Hurt twisted her smile into a mockery. “Thinking this thing between us was worthy of exploration was a colossal mistake. My age, Matteo, and now my history…you’ll find something to reject this.
And that’s your prerogative. But I’ll be damned if I let you make me believe that I’m not—” Tears filled her eyes and she inhaled loudly.
“I finally understand why Matteo calls you a machine. But he doesn’t know the worst, does he?
It’s not that you can’t feel. It’s that you don’t want to. ”
She swept out of the kitchen, holding her dress together, her spine straight, head held high.

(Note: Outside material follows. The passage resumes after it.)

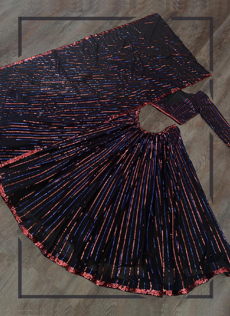 Black Multi Sequins Georgette Party Wear Lehenga Choli

Alessandro stayed still for a long time, his mind still reeling. Suddenly, he could see all the reasons their chemistry was more than surface level: because she understood what it meant to not have power over your own life.
But her fears and her very real struggles hadn’t stopped her from wanting to live, from wanting to taste everything life offered. From recognizing the same hunger in him, even though he was everything she called him—remote, ruthless, heartless.
Only now did he realize how much more he’d lost than Violetta fourteen years ago. Grief had robbed so much from him—friends, of family, even his brother. Laughter. Simple pleasures. The ability to connect.
It had isolated him until he had gotten used to having nothing.